OBJECTIVE: Determination of the carbapenemase genes incidence among CR-KP clinical isolates in Kafrelsheikh, Egypt.
METHODS: A total of 230 K. pneumoniae isolates were recovered from four hospitals in Kafrelsheikh, Egypt. Susceptibility testing was conducted using Kirby-Bauer method and automated-Vitek2 system. CR-KP isolates were tested using modified Hodge test (MHT) and combined disk synergy test. PCR and DNA sequencing were conducted for CR-KP isolates to recognize the included carbapenemase-genes.
RESULTS: Out of 230 K. pneumoniae isolates, 50 isolates presented resistance to carbapenem (meropenem). All 50 CR-KP isolates were multidrug-resistant (MDR). Genes like blaNDM-1 and blaOXA-48 were the only detected genes among CR-KP with an incidence of 70.0% and 52.0%, respectively. Up to 74.0% of the tested isolates carried at least one of the two recorded genes, among them 48.0% co-harbored both blaNDM-1 and blaOXA-48 genes. The accession-numbers of sequenced blaNDM-1 and blaOXA-48 genes were MG594615 and MG594616, respectively.
CONCLUSION: This study reported a high incidence of MDR profile with the emergence of blaNDM-1 and blaOXA-48 genes co-existence in CR-KP isolates in Kafrelsheikh, Egypt. Hence, more restrictions should be applied against the spread of such serious pathogens.

Introduction

Klebsiella pneumoniae (K. pneumoniae) is a member in Enterobacteriaceae family causing serious opportunistic hospital and community-associated infections1–3. It is known as one of the most common MDR pathogens showing resistance to different classes of antibiotics additionally with multiple mechanisms of antibiotic resistance due to easily acquisition of drug resistance genes through transferable elements (plasmids and transposons) 4–6. Moreover, the infections caused by those serious pathogens are often concomitant with prolonged hospitalization and high mortality rates7, 8.
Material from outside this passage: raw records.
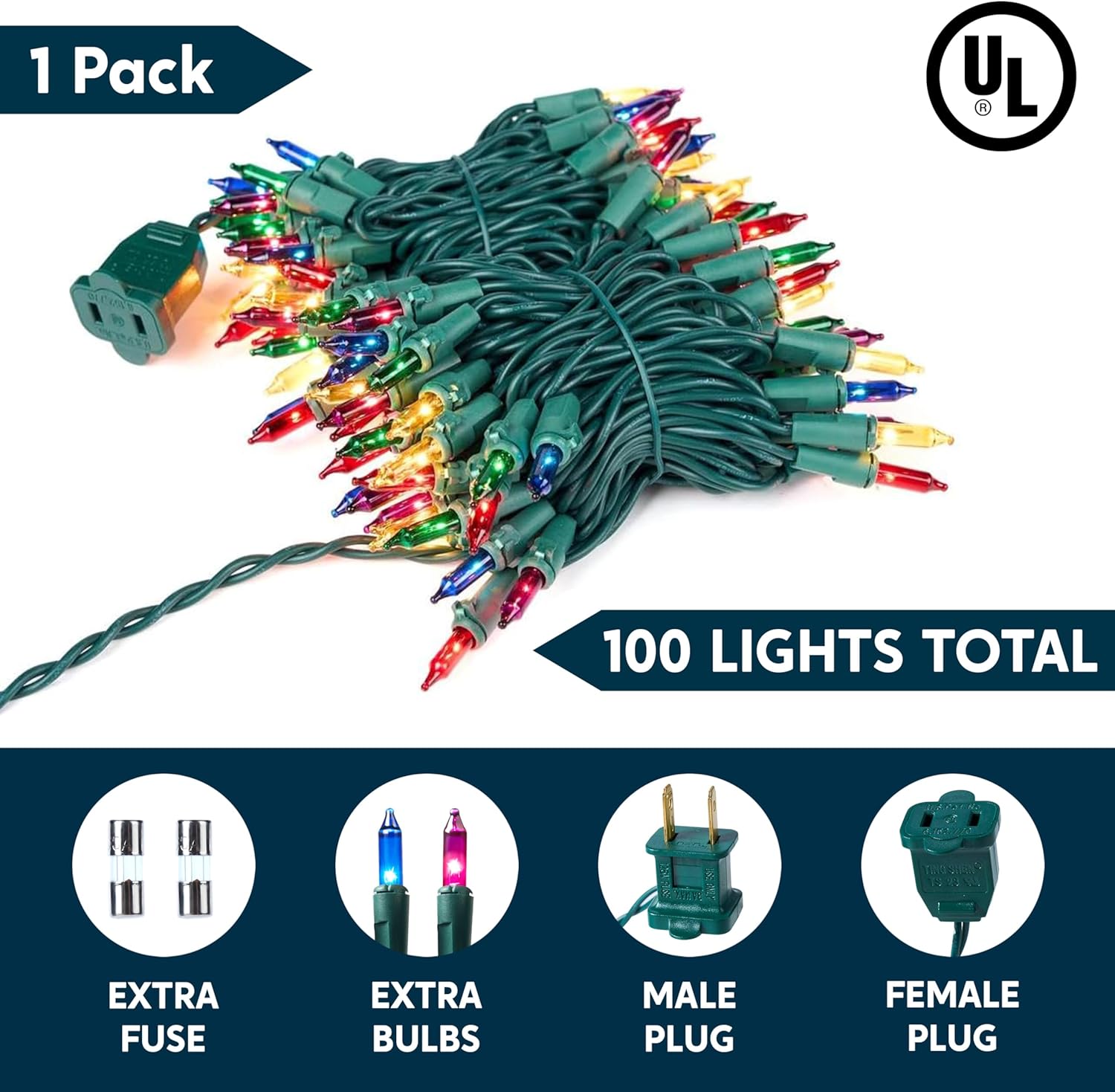 - 100 Multicolor Bulbs with Flasher Effects.Create a vibrant, traditional holiday glow with 100 warm multicolor bulbs. This set includes 2 flasher bulbs to add dynamic, eye-catching effects to your display. The classic look is ideal for Christmas tree decorations and nostalgic holiday cheer.
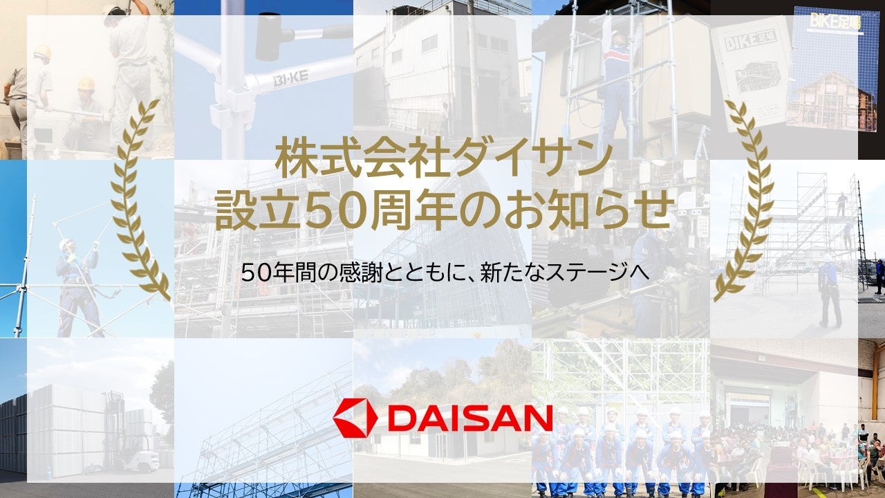 株式会社ダイサン(代表取締役社長:藤田武敏)は、2025年4月1日をもちまして設立50周年を迎えました。この大きな節目を迎えることができましたのは、ひとえに日頃よりご愛顧いただいておりますお客様、地域社会の皆様、そして関係者の皆様のご支援の賜物と心より感謝申し上げます。従業員一同、50年間の感謝を胸に、当社パーパスである「人と現場を守り抜く」の実現を通じて社会課題の解決に貢献し、新たなステージを目指してより一層努力してまいります。
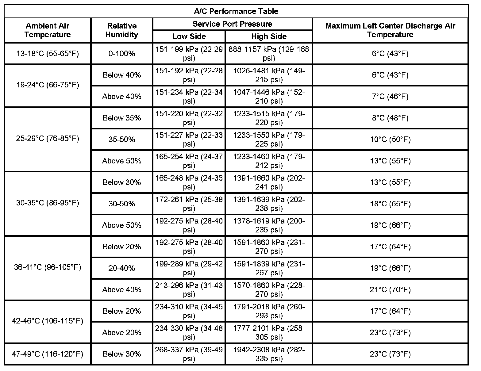 Air Conditioning (A/C) System Performance Test (LZE, LZ4, LZ9)
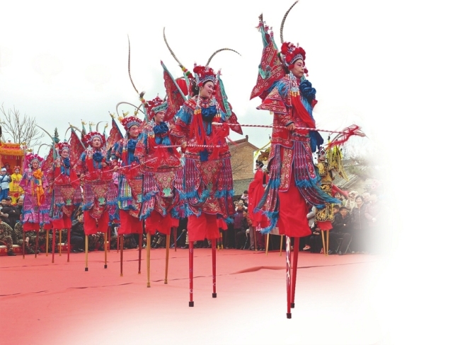 2月28日,临汾市襄汾县西中黄村上演精彩的社火表演,村民欢欢喜喜迎元宵佳节。
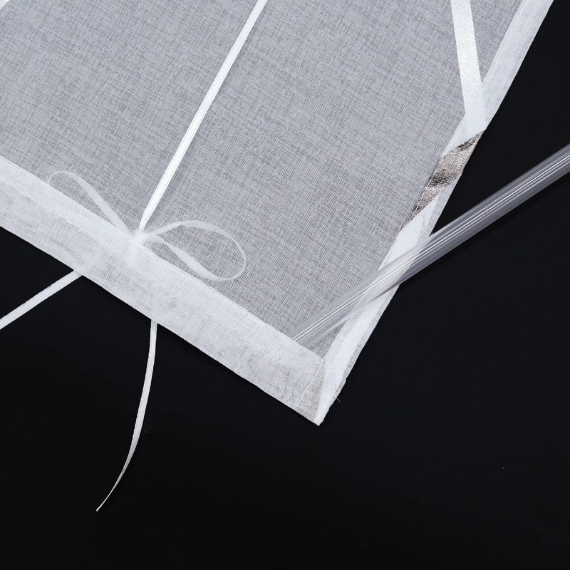 - Material and transparency: 100% polyester voile, transparent. If necessary, the curtain can be machine washed at 30 °C on a gentle cycle and ironed at a low temperature.

The significant spread of MDR K. pneumoniae all over the world has led to extensive use of carbapenem as last-resort antibiotics for treating the infections caused by those pathogens. Unfortunately, the emergence of carbapenem resistance among K. pneumoniae has been reported all over the world7. Among mechanisms of resistance, production of carbapenem hydrolyzing enzymes (carbapenemases) is considered as the most common mechanism of carbapenem resistance and a significant cause of worry in the Middle East and worldwide9–13.

Carbapenemases are β-lactamase enzymes belonging to classes A, B, C and D and can be categorized according to the dependency on divalent cations for the activation of the enzyme into metallo-carbapenemases, MBLs, (zinc-dependent class B) and non-metallo-carbapenemases (zinc-independent classes A, C, and D). The most commonly detected carbapenemases in Enterobacteriaceae are KPC (Klebsiella pneumoniae carbapenemase); GES (Guiana extended-spectrum); VIM (Verona integron encoded metallo-β-lactamase); IMP (imipenemase), NDM (New Delhi metallo-β-lactamase) and OXA-48 (oxacillinase-48)14.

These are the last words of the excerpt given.